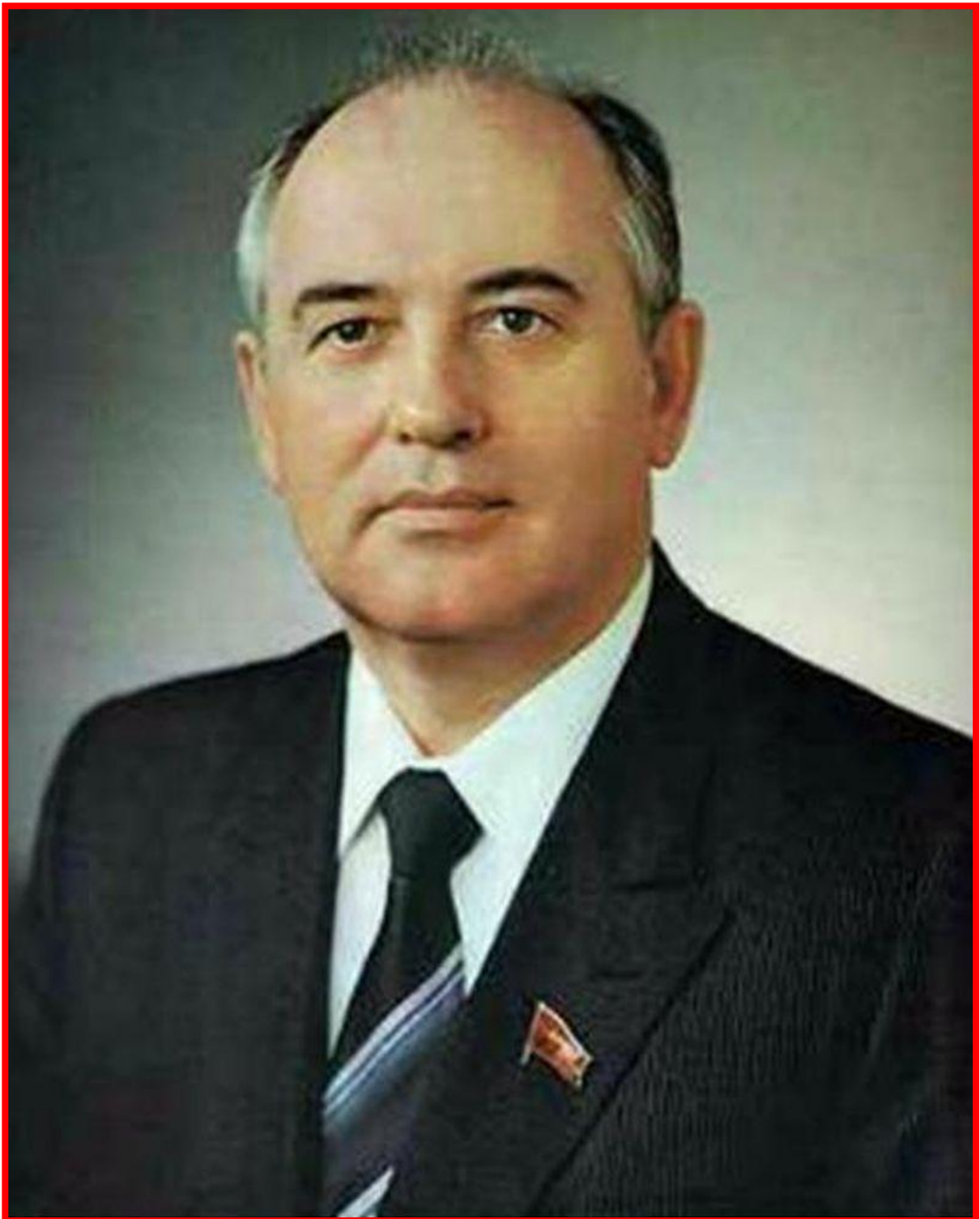
Михаил Сергеевич Горбачев
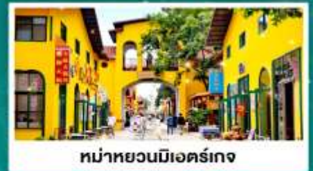
หม่าหยวนมีเออร์เกง
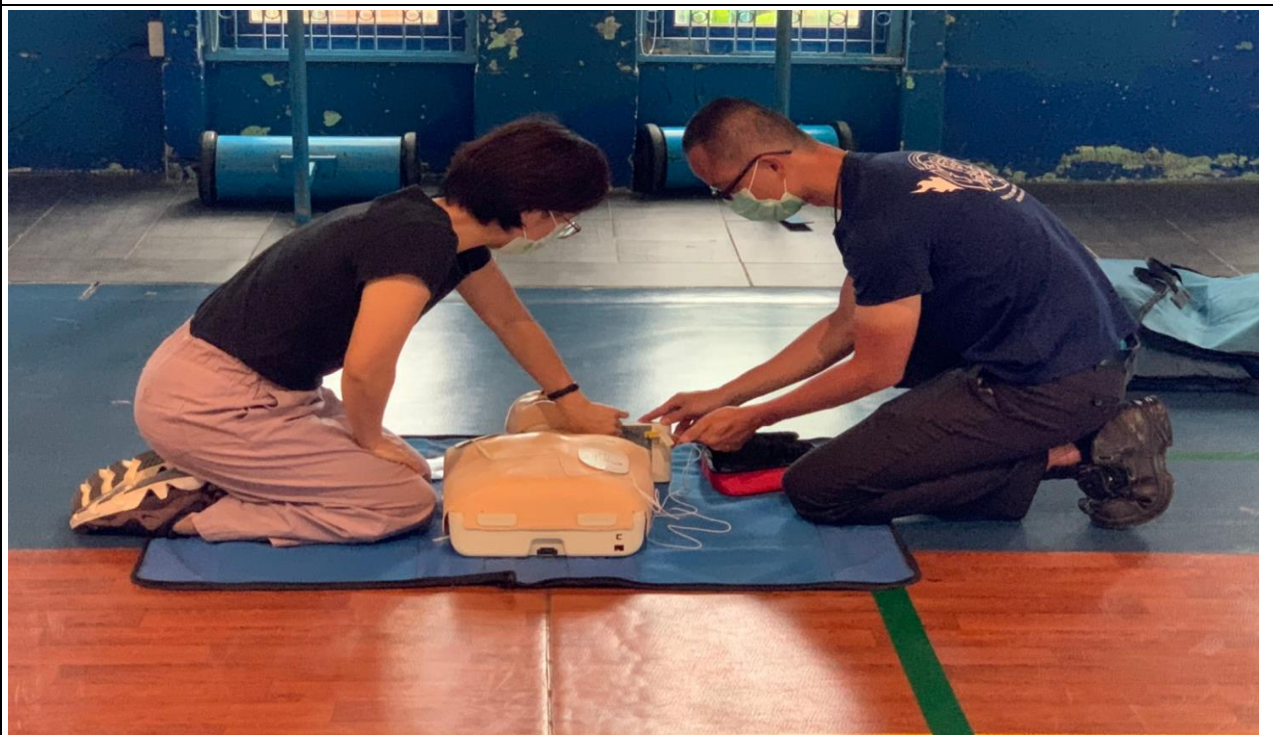
說明：CPR/AED 操作教育訓練
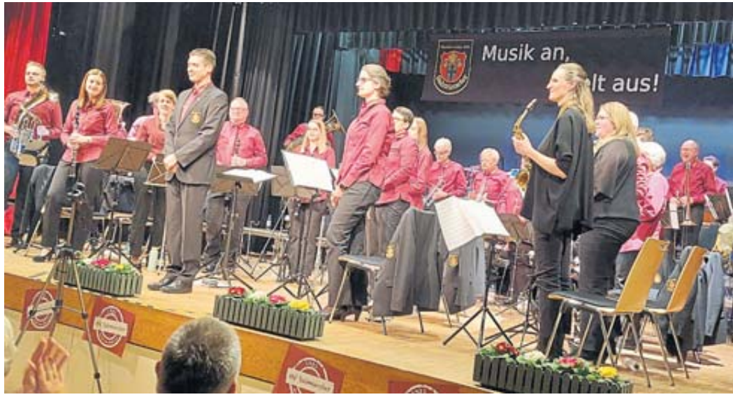
Das Stammorchester des Musikvereins Salmünster begeisterte mit seinem Jahreskonzert.
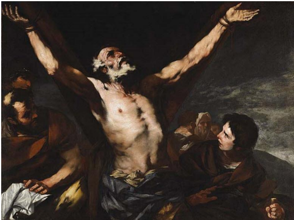
L. Giordano: Ukrižovanie sv. Ondreja (1655)
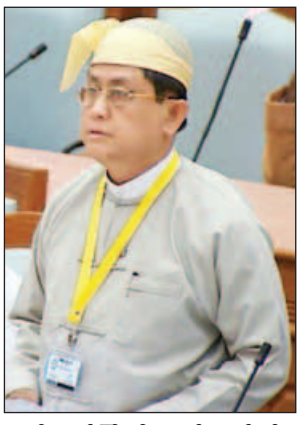
ဒုတိယဝန်ကြီး ဦးမောင်မောင်ဝင်း

တစ်နှစ်လျှင် နှစ်ကြိမ်ပေးဆပ်ရမည် ဖြစ်ပါကြောင်း၊ ယခုချေးငွေအား သက်သာသော ချေးငွေ ဟုတ် မဟုတ် ဆန်းစစ်ရာတွင် Grant Element ၆၉ ဒသမ ၂၀ ရာခိုင်နှုန်းရရှိသဖြင့် သက်သာသောချေးငွေ ဖြစ်ပါကြောင်း ရှင်းလင်းတင်ပြသည်။
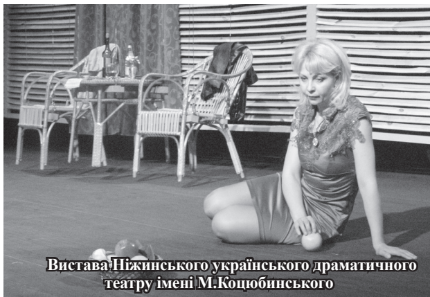
Вистава Ніжинського українського драматичного театру імені М.Коцюбинського

алізувати авторський та режисерський задум спектаклю. Прем'єра мала шалений успіх. Квитки на вистави львів'ян розкупаються протягом кількох годин. А тому ніжинці
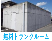
無料トランクルーム

507号室 退去済 家賃: 65,000円 管理費: 4,000円 緊急メンテ費: 700円 (即入居可) 使用部分面積: 50.92㎡
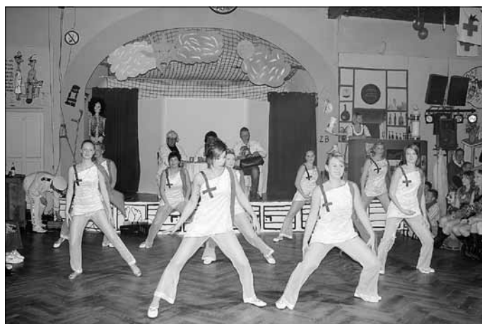
Tanz „Götter in weiß“
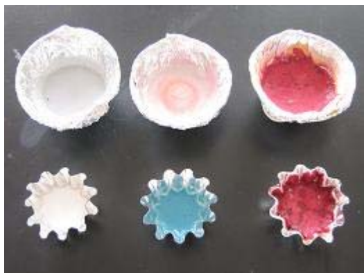
図2 左から尿素樹脂（白色）、フェノール樹脂（青色に着色）、レゾルシン樹脂（赤色） <color>

加熱をせず、臭いの発生を抑えた高分子合成実験 — 尿素樹脂、フェノール樹脂、レゾルシン樹脂の合成 峯岸 常之
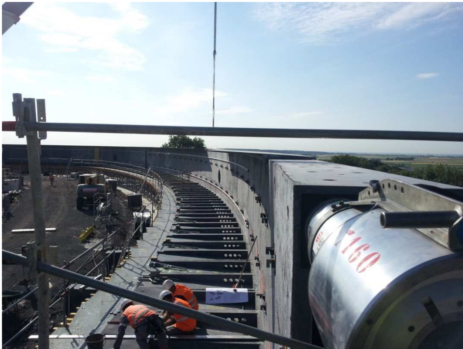
Mise en tension des premiers câbles 19T15S le 1 er juillet 2014
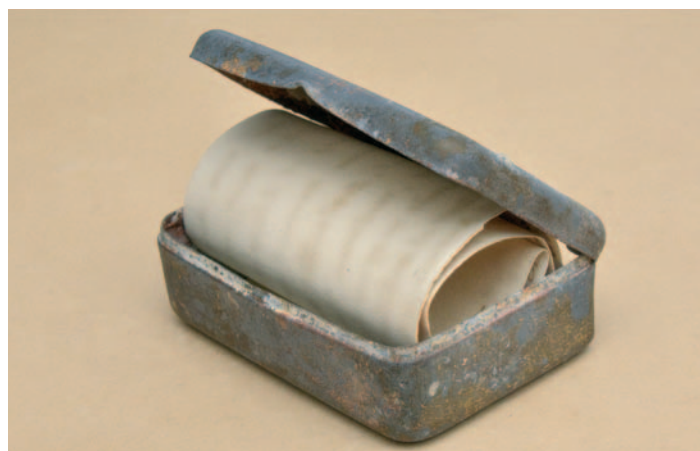
Nalezená dobová skříňka s dokumentem
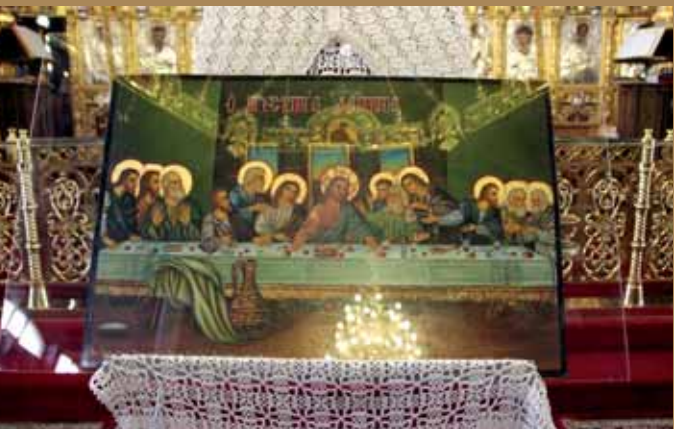
Εἰκ.21 Ὁ Μυστικὸς Δείπνος Ίερὸς Ναὸς Άγίου Δημητρίου, Λευκωσία
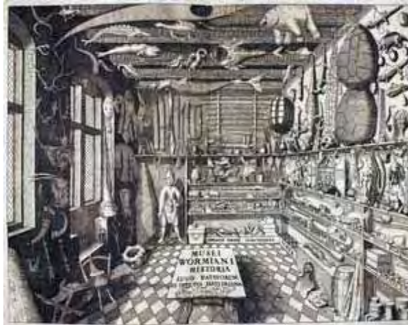
Figura 1 - Frontispício do Musei Wormiani Historia mostrando o quarto das maravilhas de Worm

No século XVIII, encontramos dois tipos de museus: os didáticos, ilustrados ou “museus da razão” e os patrimoniais, preservacionistas ou “museus da culpa”. A acumulação de obras de arte era símbolo de riqueza e saber: nessa época fundaram-se importantes museus de arte e história natural. A ordenação sistemática é requisito para a publicação dos catálogos, as grandes coleções foram reorganizadas e separadas por seções segundo suas especialidades, criaram-se galerias 6 de arte, escolas de desenho e academias. Surgem as exposições temporárias e a noção de arte acessível a todo tipo de público. Quanto à documentação das coleções, novos princípios de disposição foram criados nas galerias de arte, houve a popularização dos inventários e guias, surgem os primeiros métodos de documentação manual para fichas, sistematização, identificação e guias. Foi produzida uma variedade de inventários e catálogos ilustrados, no caso das pinacotecas as ilustrações são acompanhadas por um texto indicando a localização, o autor e as dimensões do quadro. Neste sentido, Torres (2002, p. 137, tradução nossa) sintetiza as grandes mudanças ocorridas:
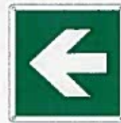
Freccia a destra/sinistra

===

TASK ITEM | In the listing above, how many lines contain the string "フェノール樹脂"? State the number and stop.

EXERCISE SOLUTION | 2